Hey, I know you posted this a while ago now but i'm just learning the same thing and the more i relax and keep my legs relaxed the easier it is to absorb the movement. When i start to tense my legs get tense and seem to instruct my horse to go faster which then makes me more tense but as soon as I relax and and let my hips follow the horses action i'm fine (more of a side to side movement than a forward and back)


----------



## Eliz (Jun 16, 2010)

Sink your but into the saddle and your weight into your heels. This will keep you from bouncing as well as cueing your horse to stay slow.


----------



## Brithorse1996 (May 25, 2010)

I used to have this problem and what I just do is try to forget im doing it. Just think about anything the horse, your hand posistion anything. Just relax and forget. Its helped me  good luck


----------



## FoxyRoxy1507 (Jul 15, 2008)

to complete a correct sitting trot its not just sitting there.. ur abs have to absorb the impact thats what keeps ur but from moving so everytime ur body would should post up from the horses movement tighten ur abs and then release so in a sense ur abs are posting but u keep ur butt and lower body down into the saddle


----------



## PaintHorseMares (Apr 19, 2008)

netty83 said:


> Hey, I know you posted this a while ago now but i'm just learning the same thing and the more i relax and keep my legs relaxed the easier it is to absorb the movement. When i start to tense my legs get tense and seem to instruct my horse to go faster which then makes me more tense but as soon as I relax and and let my hips follow the horses action i'm fine (more of a side to side movement than a forward and back)





yukontanya said:


> STOP TRYING LOL yaa i know what the hell does that mean.. well it worked for me....


These are the keys to sitting the trot.

Don't think about what you're doing! (i.e. stop trying), relax your legs and hips, and let your body will follow the motion of the horse. 

Once you get there, it will be as natural as a walk, and you'll look back and wonder why everyone thinks it's so hard.


----------



## NannonsWhiskey (Oct 14, 2010)

Sounds like good advise to me =)


----------



## Cheyennes mom (Aug 6, 2010)

okay thanks guys! I'll write these down and try them tomorow!


----------



## ChevyPrincess (Aug 27, 2009)

I took a riding course at college, and that's what they told me. Just relax your thighs, everytime you try to grip with them, it causes you to bounce. 

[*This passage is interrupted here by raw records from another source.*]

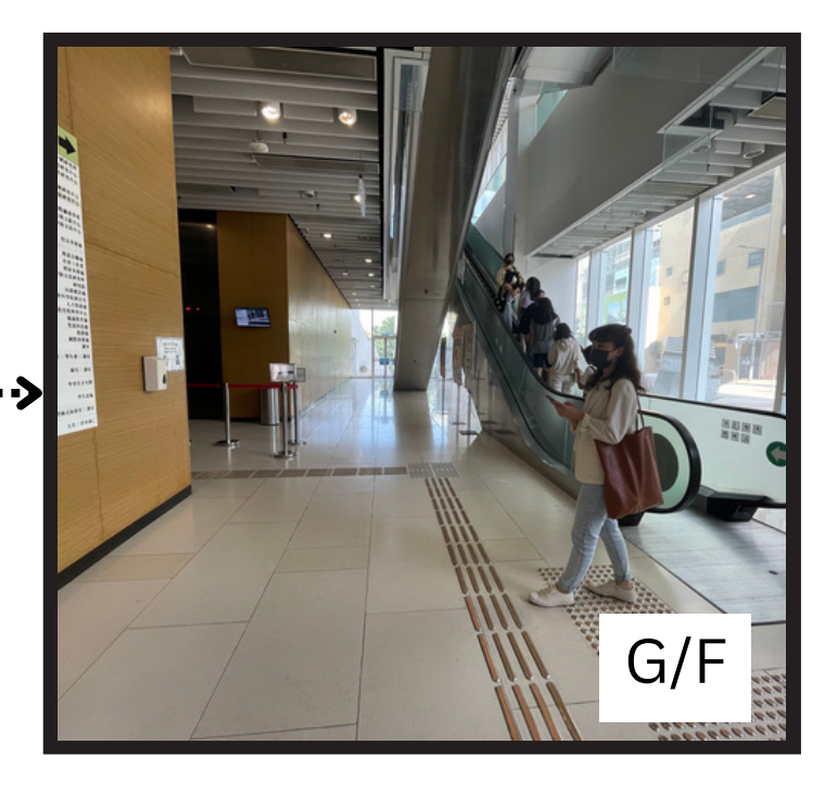
1. Go to the Academic and Administration 2. Go to 3/F by lift or escalator Building(AAB)
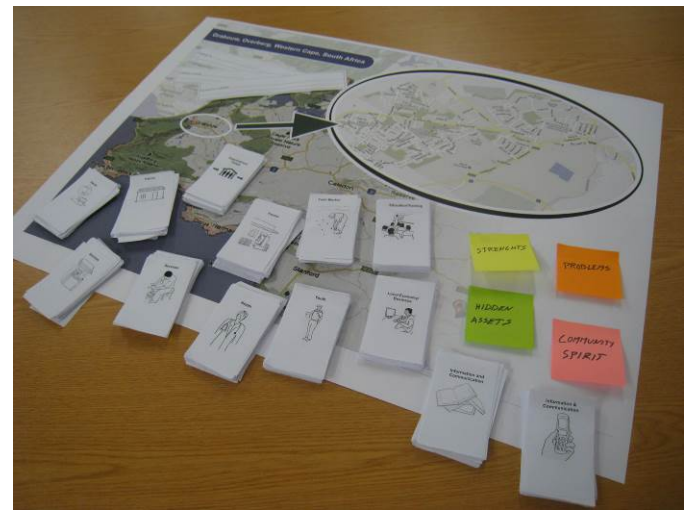
Figure 1 – Template and visual tools developed for the context mapping exercise
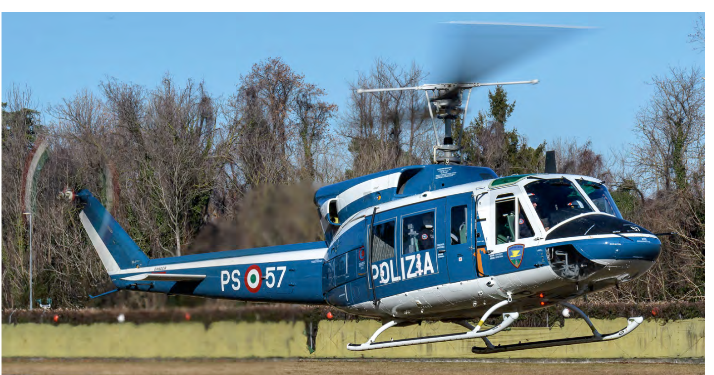
Contrary to previous info, AB212 MM80757/PS-57 is on loan to 2° Reparto Volo and remains assigned to 7° RV. Due to an emergency landing of AB-212 PS-81 not far from Lecco on 24 December 2019, the 2° RV had no more AB-212s available. To continue operations and crew training, an AB-212 from 7° RV, based at Oristano on the island of Sardinia, is temporary assigned to the Malpensa based unit. (Case Nuove, 6 February 2020, Marco Muntz)
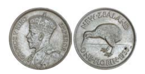
669* George V, florin, 1935. Lightly toned, good extremely fine.
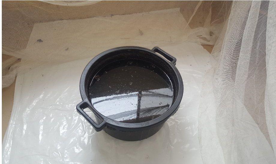
Figure 2. Showing Mosquitoes breeding vessel within the setup.
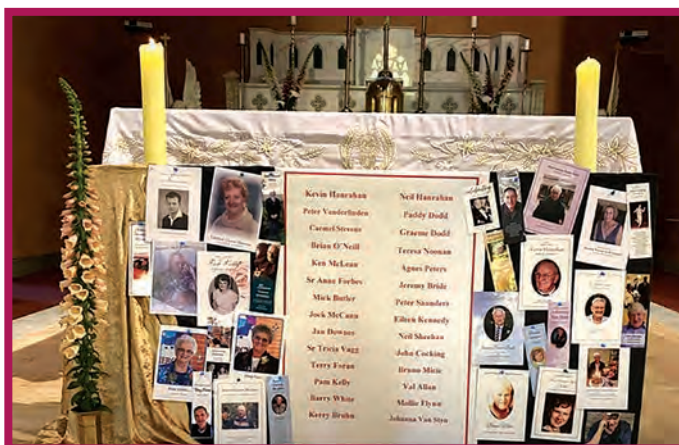
St Alipius Funeral Team

The Remembrance Mass for 2022 was held on Saturday October 29 at 6pm in St Alipius Church. A BBQ was provided for people to stay and have a bite to eat following Mass. The parish hopes that this Remembrance Mass is one way for people to find some peace, knowing that their loved one is in God's care.
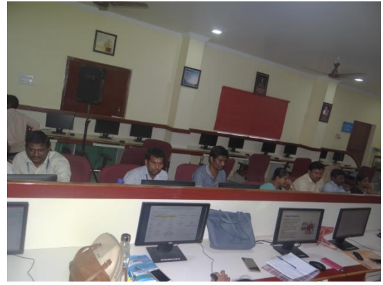
Participants working on the lab exercises given by the Academy
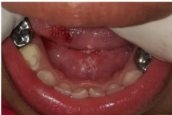
Figure 2. Immediate Post-operative intraoral photograph.
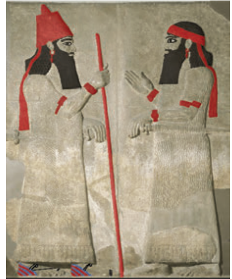
Digital re-colorations of a relief from the exterior of the palace of Sargon II at Khorsabad, (© Li Sou & the Trustees of the British Museum).

The image on the left is one rendition of how the inside of the palace might have appeared during the reign of King Ashurnasirpal II. This model also includes painted murals that were in the palace which may have included more colors than the reliefs. To the right is another interpretation of color on the reliefs. The truth is, we don't know exactly what the original reliefs looked like; it's something scientists and historians still debate today.
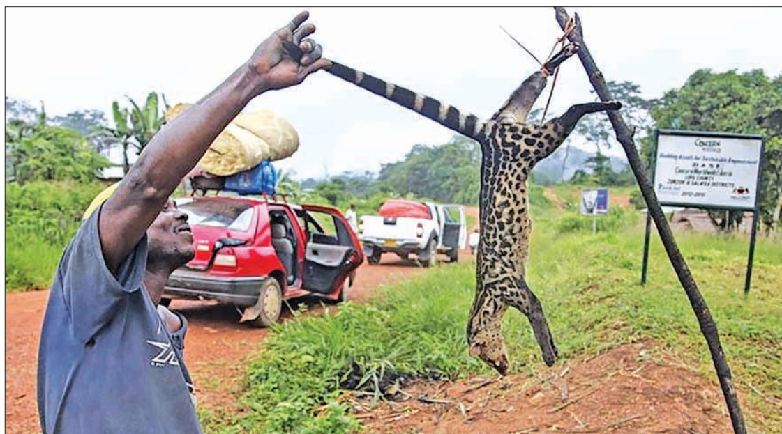
A Liberian man holds out bush meat to sell along Liberia/Sierra Leone border.

However, whether more people will get sick as a result of these shifting disease patterns is not so easy to determine, says Richard Ostfeld, also from the Cary Institute. “There is some evidence to show that as vector-borne diseases spread northwards, they’re also disappearing from really warm places that are getting too warm. There is also
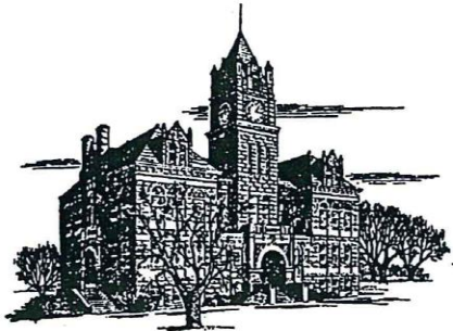
MARION COUNTY COURTHOUSE
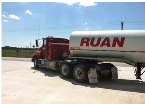
At Fair Oaks Dairy in Indiana, RNG made from liquid manure powers 42 long haul trucks that carry milk to customers in Kentucky, Michigan and Tennessee.

Fossil natural gas is one commercial option. It is a domestic resource, is 80% cleaner than diesel, and is 20%-25% lower in greenhouse gases. However, there is heated debate about the environmental and health impacts of the drilling technique known as horizontal hydraulic fracturing (or “fracking”) used to extract most of this gas. RNG, produced from waste, involves no drilling.
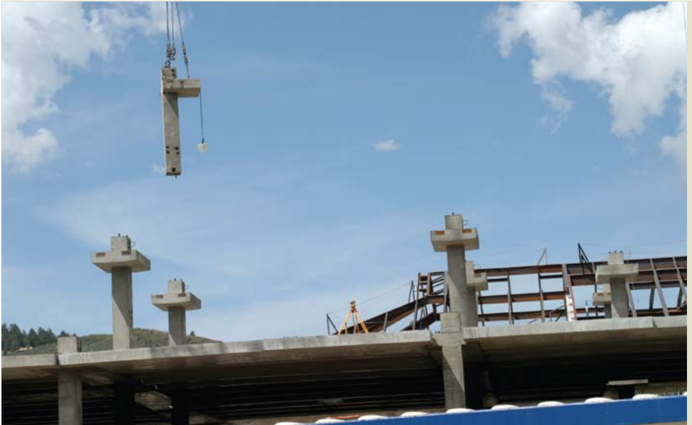
Figure 4. A precast concrete column is being lifted into position for the Westin resort hotel in Avon, Colo.
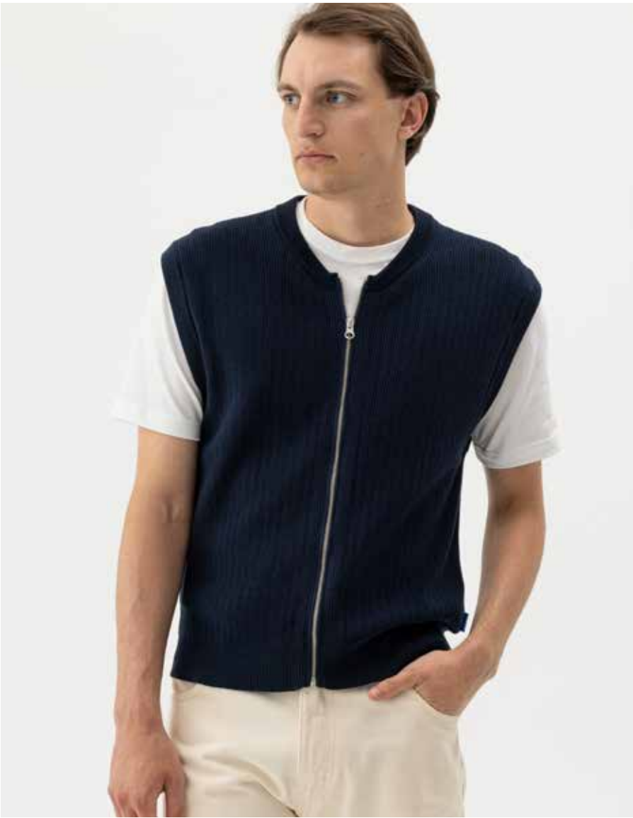
ALVAR VEST S61410 Colours: Navy, Feather. Sizes: S - XXL Material: 100% Cotton
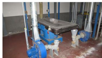
Reference: MIC-060B SIEVING UNIT Year: 2005 Brand: FUCHS Width: .
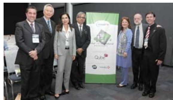
ABRAFAC Workshop Speakers
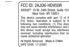
Label Size: 25W x 21mmH
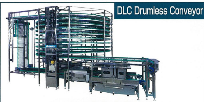
DLC Drumless Conveyor
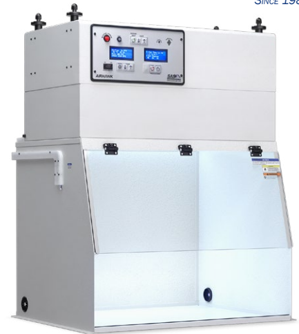
30" AirHawk Ductless Fume Hood

Typical applications for the AirHawk include chemical fumes, pharmaceutical compounding, soldering, light dust removal, biological, solvent or epoxy use, and many more applications that require the removal of fumes and particulate. Upgrade your respiratory protection to the AirHawk and experience an improved workflow with the automatic features and beneficial user configurations.
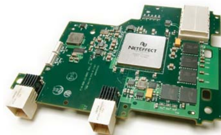
NetEffect NE020BCH high-speed expansion card (HSEC) form factor

The NE020BCH delivers bi-directional bandwidth of over 18 Gbps per port, in part, through a full implementation of the IETF-approved iWARP extensions to the TCP/IP standard. Each adapter integrates a TCP/IP
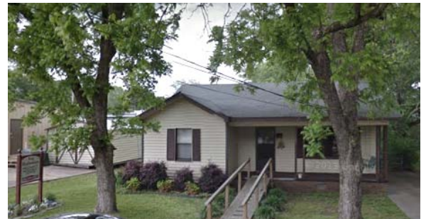
New Beginnings Pregnancy Resource Center in Benton
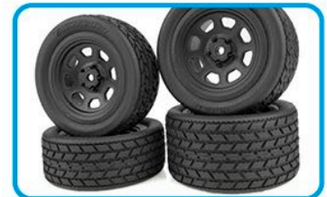
High-grip tires with street stock-inspired tread pattern
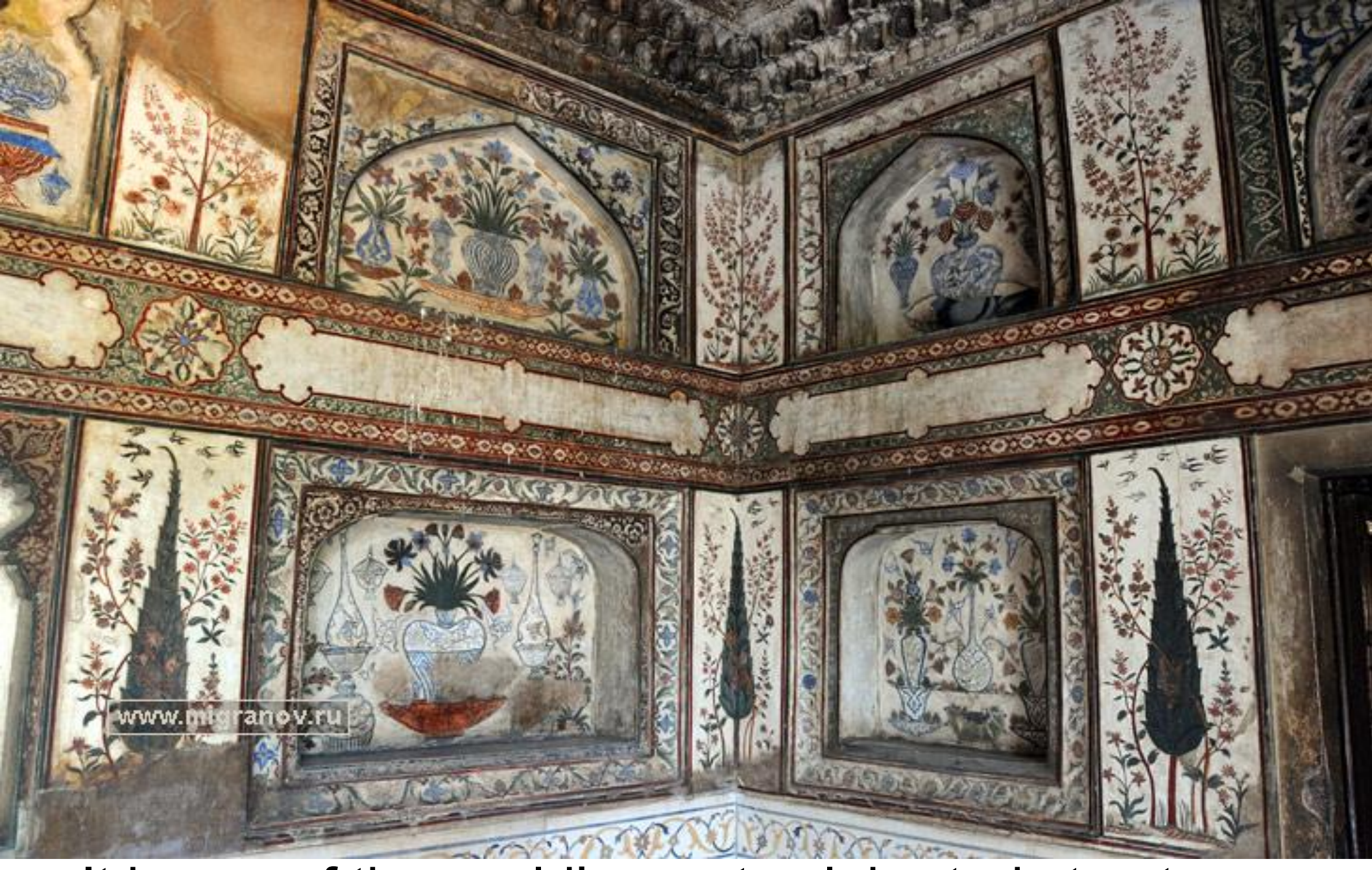
It is one of the world's most celebrated structures and a symbol of India's rich history.

I was also having trouble finding balance at the canter, and what really helps me, is they said in the beginning, act like you are more of a jockey and bring your weight a little out of the saddle. Most weight in the stirrups. They said lean forward a little and not physically lift your butt from the saddle but mentally? If that makes any sense, lol. I'm still working on it... and trotting too!


----------



## SorrelHorse (Apr 9, 2009)

Just relax. Sit back on your butt, press your weight onto your heels, and relax your shoulders. Go to your happy place and enjoy the ride  Don't become a passenger, but don't stress it. I find the more you think about it the more screwed up your position can get. Don't think, just _do. _I know that's kind of hard, but it's pretty much all I can offer you at this point.


----------



## Cheyennes mom (Aug 6, 2010)

oh okay. I worked on some side to side today like, stepping more on one heel then another, and then the other one. with the rythm that Cheyenne's shoulders were going. It worked pretty well, but I still need lots of practice on it. If I can get a video somehow and put it on here, then I will.


----------



## FoxyRoxy1507 (Jul 15, 2008)

you shouldnt be putting more weight in one side than the other when doing a sitting trot or canter or any other gait unless ur asking for a movement such as leg yielding or half pass or anything like that bc those are aids (sitting more weight in a seat bone/leg) to ask for something. ur weight should b equal in the saddle on ur seat bones


----------



## Cheyennes mom (Aug 6, 2010)

well it's not exactly uneaven weight it's more side to side movement, but not. I don't know how to explain it.


----------



## FoxyRoxy1507 (Jul 15, 2008)

well in any movement ur still supposed to b sitting centered unless u are asking for a movement when you put ur weight into the seat bone u need to ask with. in a sitting trot u should not be moving side to side, all weight centered equally over ur seat bones


----------



## Cheyennes mom (Aug 6, 2010)

Okay I think I know where your going.
I'm not litterally going like, moving my bum side to side out of the saddle or anything it's just like, trying to stay in rythm with Cheyenne's movement. I have a habit of posting, so I'm leaning forward, and doing all that kinda stuff, so when people ask me to show them my sitting trot, I'm not balanced enough to acually stay in the saddle, I keep on bumping around. so usually they tell me to go more in rythm with Shey-Shey's movement, like instead of forward and back it's side to side..... oh I don't know how to explain it. Just more moving with Cheyenne's quarters and how her legs go. haha I'm a terrible explainer I know! (is explainer a word???)


----------